Saved data entries:
═══
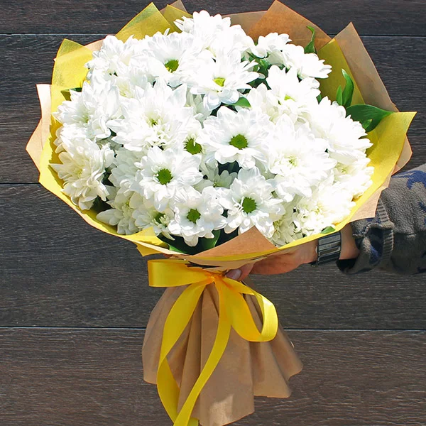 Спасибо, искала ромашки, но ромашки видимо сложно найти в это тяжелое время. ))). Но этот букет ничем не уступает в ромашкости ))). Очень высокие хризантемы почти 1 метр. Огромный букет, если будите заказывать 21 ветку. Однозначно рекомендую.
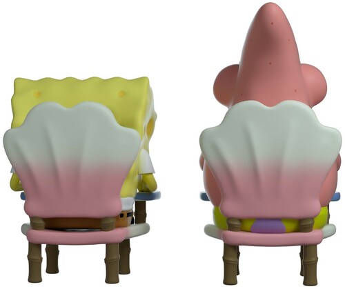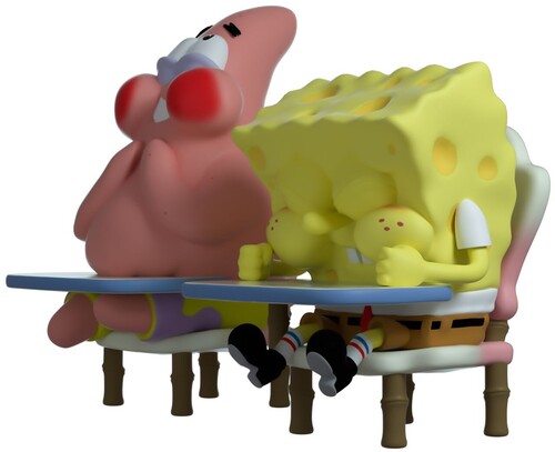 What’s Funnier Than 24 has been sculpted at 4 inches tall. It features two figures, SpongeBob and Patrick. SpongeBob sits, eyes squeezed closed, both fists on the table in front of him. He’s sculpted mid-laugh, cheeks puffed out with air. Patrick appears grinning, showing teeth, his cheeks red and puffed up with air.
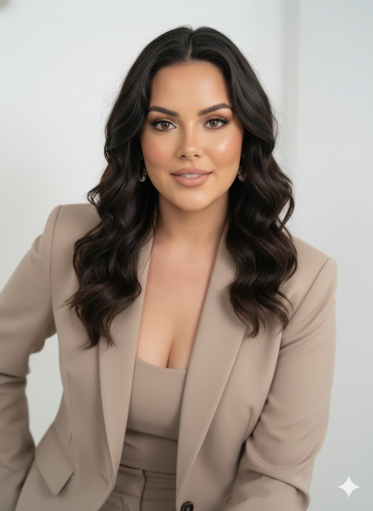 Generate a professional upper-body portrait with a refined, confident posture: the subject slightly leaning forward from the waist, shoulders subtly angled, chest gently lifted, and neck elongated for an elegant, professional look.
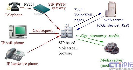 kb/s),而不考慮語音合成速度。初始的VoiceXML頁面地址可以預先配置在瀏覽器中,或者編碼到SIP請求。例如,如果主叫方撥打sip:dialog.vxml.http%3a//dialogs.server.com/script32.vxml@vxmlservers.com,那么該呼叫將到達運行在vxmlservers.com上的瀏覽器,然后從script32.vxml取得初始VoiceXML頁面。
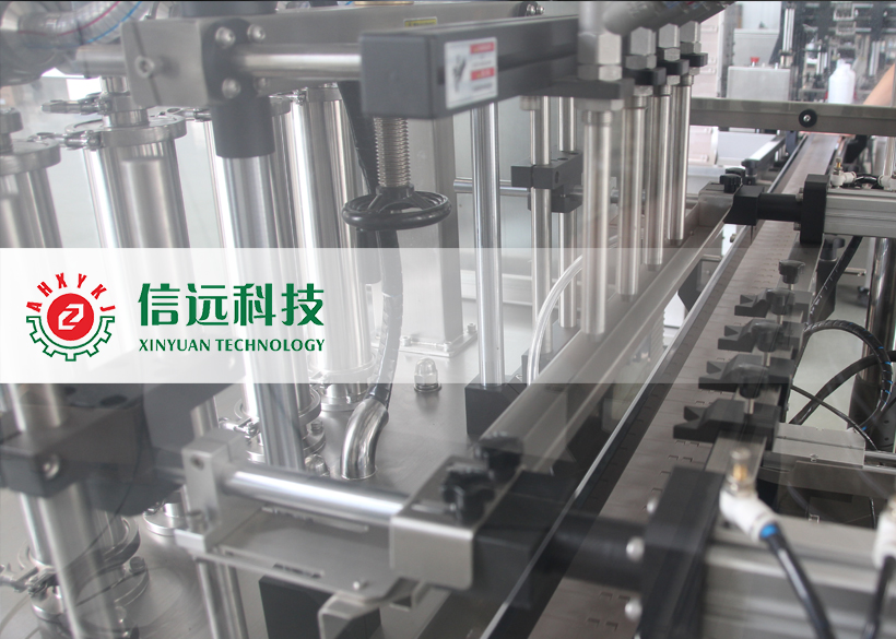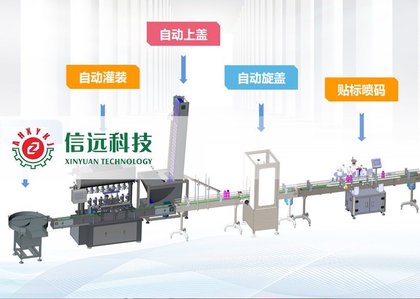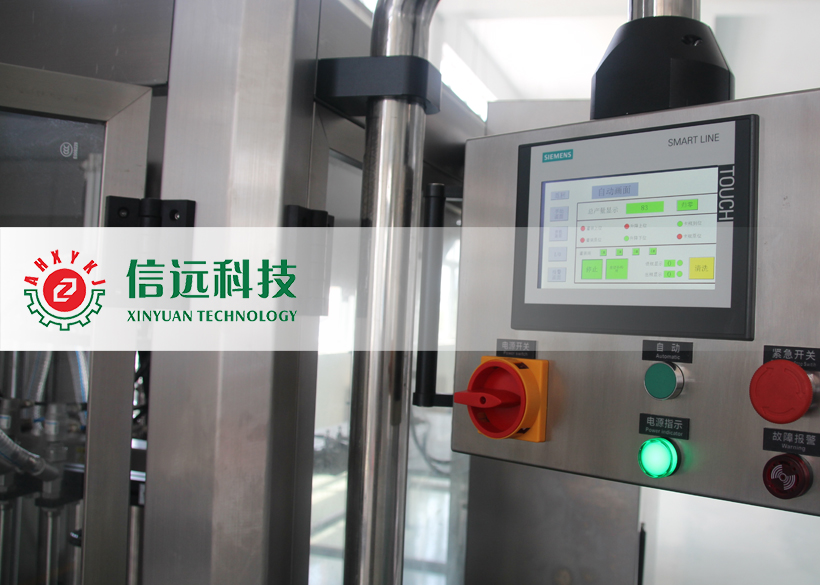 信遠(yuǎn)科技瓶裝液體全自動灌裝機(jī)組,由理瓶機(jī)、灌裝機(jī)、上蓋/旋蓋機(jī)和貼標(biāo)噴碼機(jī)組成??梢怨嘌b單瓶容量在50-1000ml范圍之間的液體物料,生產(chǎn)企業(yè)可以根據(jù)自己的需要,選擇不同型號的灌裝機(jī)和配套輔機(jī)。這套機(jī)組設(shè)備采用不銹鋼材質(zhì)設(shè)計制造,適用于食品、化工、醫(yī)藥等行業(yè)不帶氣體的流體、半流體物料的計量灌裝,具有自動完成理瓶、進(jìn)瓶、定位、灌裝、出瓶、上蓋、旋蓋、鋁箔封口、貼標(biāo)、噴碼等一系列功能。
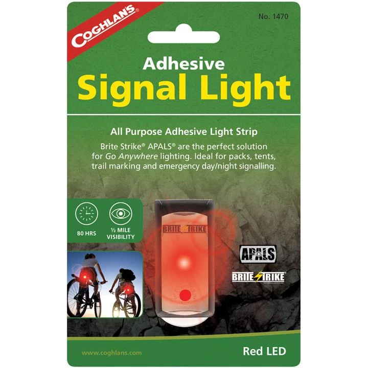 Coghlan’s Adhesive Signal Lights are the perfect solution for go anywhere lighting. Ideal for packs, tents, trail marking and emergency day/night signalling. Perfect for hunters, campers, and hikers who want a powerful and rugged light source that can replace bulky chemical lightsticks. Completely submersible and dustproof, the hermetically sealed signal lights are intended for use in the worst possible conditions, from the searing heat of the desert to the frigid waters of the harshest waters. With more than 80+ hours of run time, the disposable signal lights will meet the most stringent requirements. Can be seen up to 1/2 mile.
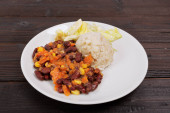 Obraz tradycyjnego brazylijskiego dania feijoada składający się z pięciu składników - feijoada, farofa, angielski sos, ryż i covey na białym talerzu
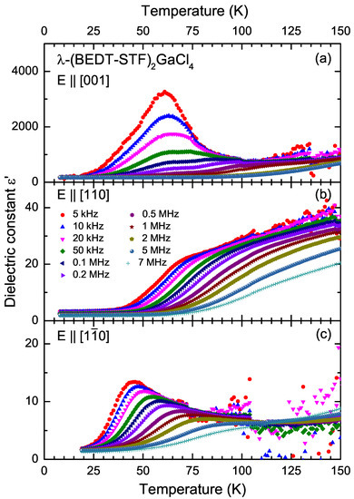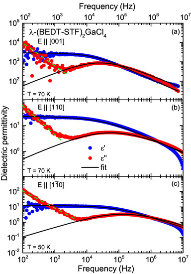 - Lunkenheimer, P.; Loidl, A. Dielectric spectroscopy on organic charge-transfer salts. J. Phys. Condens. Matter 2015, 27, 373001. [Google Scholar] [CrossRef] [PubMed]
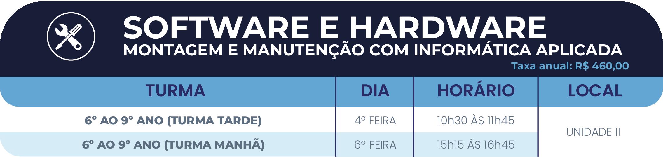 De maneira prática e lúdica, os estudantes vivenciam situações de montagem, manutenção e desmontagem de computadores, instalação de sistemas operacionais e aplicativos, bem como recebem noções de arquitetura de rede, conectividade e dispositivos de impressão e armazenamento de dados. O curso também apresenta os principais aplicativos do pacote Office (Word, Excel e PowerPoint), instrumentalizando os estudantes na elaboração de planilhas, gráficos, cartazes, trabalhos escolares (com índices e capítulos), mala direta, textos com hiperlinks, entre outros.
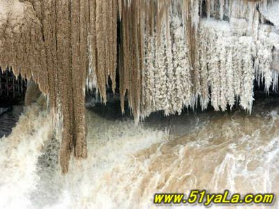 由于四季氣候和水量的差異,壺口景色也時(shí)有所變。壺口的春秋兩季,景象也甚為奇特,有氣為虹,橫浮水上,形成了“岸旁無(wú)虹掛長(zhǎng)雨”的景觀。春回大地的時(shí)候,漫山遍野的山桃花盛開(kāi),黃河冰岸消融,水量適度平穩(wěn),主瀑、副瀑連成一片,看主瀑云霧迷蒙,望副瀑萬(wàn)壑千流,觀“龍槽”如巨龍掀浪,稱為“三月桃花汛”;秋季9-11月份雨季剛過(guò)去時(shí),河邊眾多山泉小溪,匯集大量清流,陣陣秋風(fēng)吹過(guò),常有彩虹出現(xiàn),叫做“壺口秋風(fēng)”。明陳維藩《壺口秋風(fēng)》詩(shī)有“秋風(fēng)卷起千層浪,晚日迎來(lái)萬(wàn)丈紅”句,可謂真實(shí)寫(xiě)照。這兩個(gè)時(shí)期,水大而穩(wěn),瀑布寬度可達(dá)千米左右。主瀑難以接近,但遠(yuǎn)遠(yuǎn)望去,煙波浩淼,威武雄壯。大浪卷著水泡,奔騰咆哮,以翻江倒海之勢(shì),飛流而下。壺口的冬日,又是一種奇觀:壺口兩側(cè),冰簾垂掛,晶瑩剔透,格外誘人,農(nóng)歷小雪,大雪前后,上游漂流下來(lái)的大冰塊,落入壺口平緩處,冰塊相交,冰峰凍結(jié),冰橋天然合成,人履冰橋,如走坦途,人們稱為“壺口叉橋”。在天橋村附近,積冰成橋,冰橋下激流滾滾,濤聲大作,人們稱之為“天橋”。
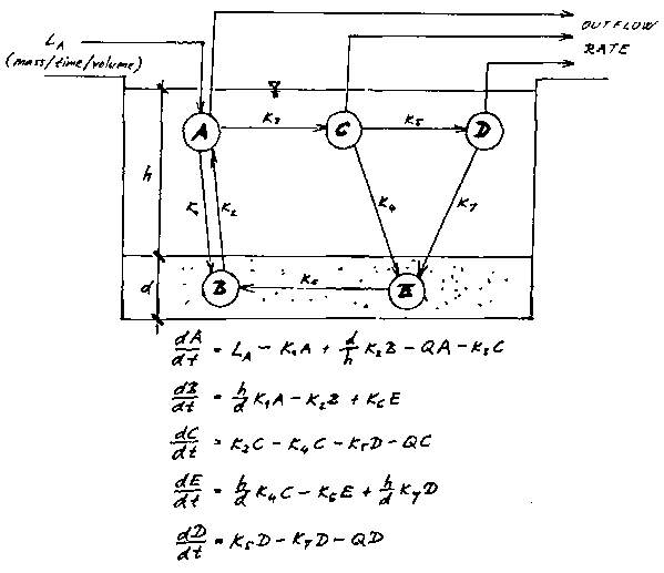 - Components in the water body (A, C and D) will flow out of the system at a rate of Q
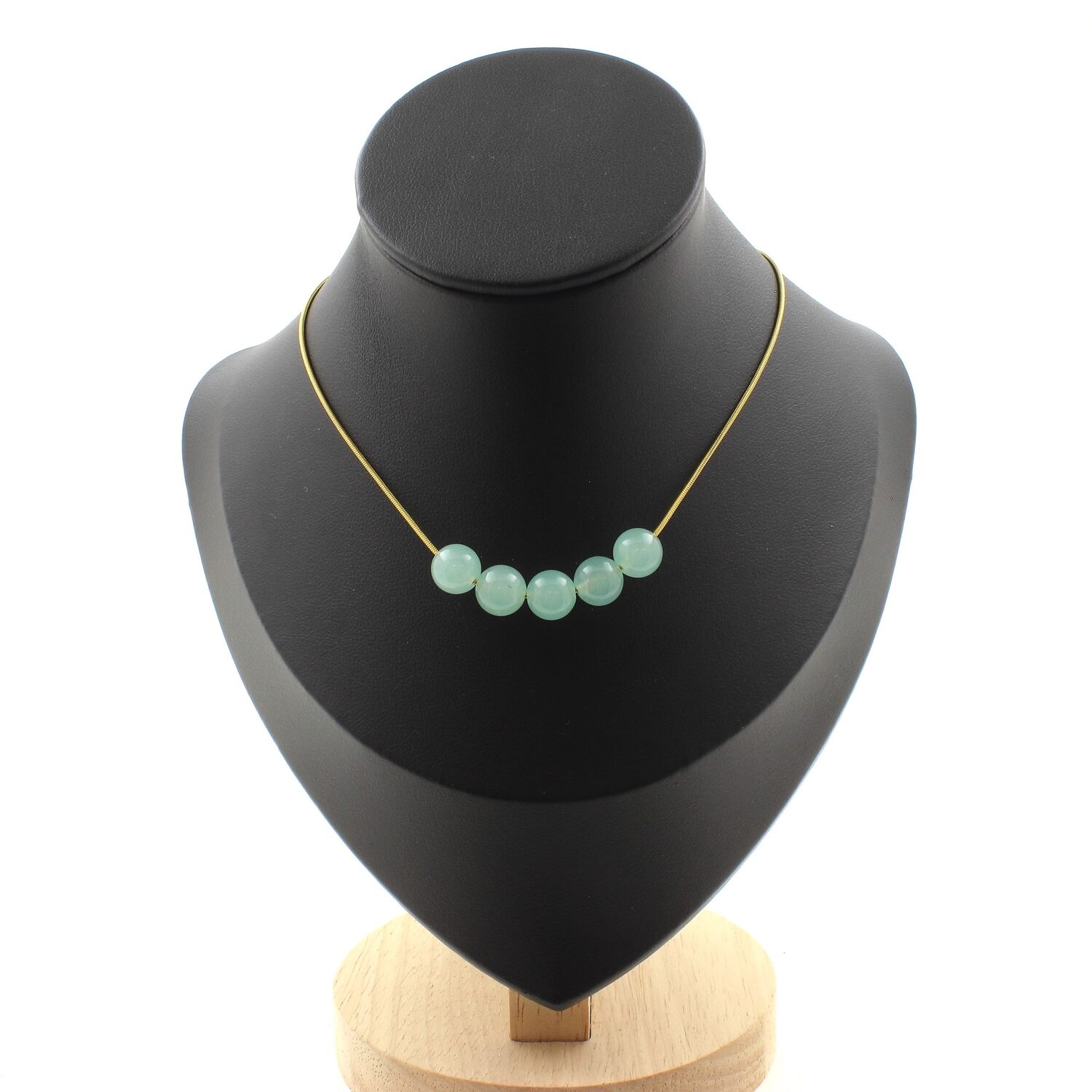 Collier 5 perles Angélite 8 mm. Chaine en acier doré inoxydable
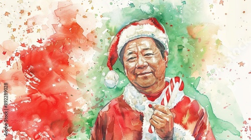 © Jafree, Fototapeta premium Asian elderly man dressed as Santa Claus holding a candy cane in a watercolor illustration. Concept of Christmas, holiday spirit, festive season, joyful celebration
═══
Starting from the first line of the entries above, print each line exactly until the line containing "Obraz tradycyjnego brazylijskiego" has been printed, and skip the pictures.

**Answer for this exercise:**
 Спасибо, искала ромашки, но ромашки видимо сложно найти в это тяжелое время. ))). Но этот букет ничем не уступает в ромашкости ))). Очень высокие хризантемы почти 1 метр. Огромный букет, если будите заказывать 21 ветку. Однозначно рекомендую.
 What’s Funnier Than 24 has been sculpted at 4 inches tall. It features two figures, SpongeBob and Patrick. SpongeBob sits, eyes squeezed closed, both fists on the table in front of him. He’s sculpted mid-laugh, cheeks puffed out with air. Patrick appears grinning, showing teeth, his cheeks red and puffed up with air.
 Generate a professional upper-body portrait with a refined, confident posture: the subject slightly leaning forward from the waist, shoulders subtly angled, chest gently lifted, and neck elongated for an elegant, professional look.
 kb/s),而不考慮語音合成速度。初始的VoiceXML頁面地址可以預先配置在瀏覽器中,或者編碼到SIP請求。例如,如果主叫方撥打sip:dialog.vxml.http%3a//dialogs.server.com/script32.vxml@vxmlservers.com,那么該呼叫將到達運行在vxmlservers.com上的瀏覽器,然后從script32.vxml取得初始VoiceXML頁面。
 信遠(yuǎn)科技瓶裝液體全自動灌裝機(jī)組,由理瓶機(jī)、灌裝機(jī)、上蓋/旋蓋機(jī)和貼標(biāo)噴碼機(jī)組成??梢怨嘌b單瓶容量在50-1000ml范圍之間的液體物料,生產(chǎn)企業(yè)可以根據(jù)自己的需要,選擇不同型號的灌裝機(jī)和配套輔機(jī)。這套機(jī)組設(shè)備采用不銹鋼材質(zhì)設(shè)計制造,適用于食品、化工、醫(yī)藥等行業(yè)不帶氣體的流體、半流體物料的計量灌裝,具有自動完成理瓶、進(jìn)瓶、定位、灌裝、出瓶、上蓋、旋蓋、鋁箔封口、貼標(biāo)、噴碼等一系列功能。
 Coghlan’s Adhesive Signal Lights are the perfect solution for go anywhere lighting. Ideal for packs, tents, trail marking and emergency day/night signalling. Perfect for hunters, campers, and hikers who want a powerful and rugged light source that can replace bulky chemical lightsticks. Completely submersible and dustproof, the hermetically sealed signal lights are intended for use in the worst possible conditions, from the searing heat of the desert to the frigid waters of the harshest waters. With more than 80+ hours of run time, the disposable signal lights will meet the most stringent requirements. Can be seen up to 1/2 mile.
 Obraz tradycyjnego brazylijskiego dania feijoada składający się z pięciu składników - feijoada, farofa, angielski sos, ryż i covey na białym talerzu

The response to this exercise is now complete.